**WHAT THE TASK ASKS:**
The material below contains a line with "So, jetzt bin" and a line with "De hecho, Dominó". Copy exactly those two lines and all lines between them.

**DATASET EXTRACT:**
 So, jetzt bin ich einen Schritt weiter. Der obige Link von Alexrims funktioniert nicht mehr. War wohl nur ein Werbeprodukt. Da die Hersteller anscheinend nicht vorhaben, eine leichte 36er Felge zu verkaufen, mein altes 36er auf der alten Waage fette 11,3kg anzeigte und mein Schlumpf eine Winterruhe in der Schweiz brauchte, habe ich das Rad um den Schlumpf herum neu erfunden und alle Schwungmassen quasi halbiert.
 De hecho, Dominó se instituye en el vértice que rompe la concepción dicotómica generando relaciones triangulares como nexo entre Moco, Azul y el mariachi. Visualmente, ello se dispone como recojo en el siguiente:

---

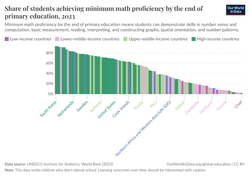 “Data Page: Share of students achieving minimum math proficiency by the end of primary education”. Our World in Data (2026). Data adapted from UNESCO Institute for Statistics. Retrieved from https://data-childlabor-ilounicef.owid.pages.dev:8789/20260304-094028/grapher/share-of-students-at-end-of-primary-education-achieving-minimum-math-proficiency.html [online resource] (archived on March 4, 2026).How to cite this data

**OUTPUT OF THE TASK:**
 So, jetzt bin ich einen Schritt weiter. Der obige Link von Alexrims funktioniert nicht mehr. War wohl nur ein Werbeprodukt. Da die Hersteller anscheinend nicht vorhaben, eine leichte 36er Felge zu verkaufen, mein altes 36er auf der alten Waage fette 11,3kg anzeigte und mein Schlumpf eine Winterruhe in der Schweiz brauchte, habe ich das Rad um den Schlumpf herum neu erfunden und alle Schwungmassen quasi halbiert.
 De hecho, Dominó se instituye en el vértice que rompe la concepción dicotómica generando relaciones triangulares como nexo entre Moco, Azul y el mariachi. Visualmente, ello se dispone como recojo en el siguiente:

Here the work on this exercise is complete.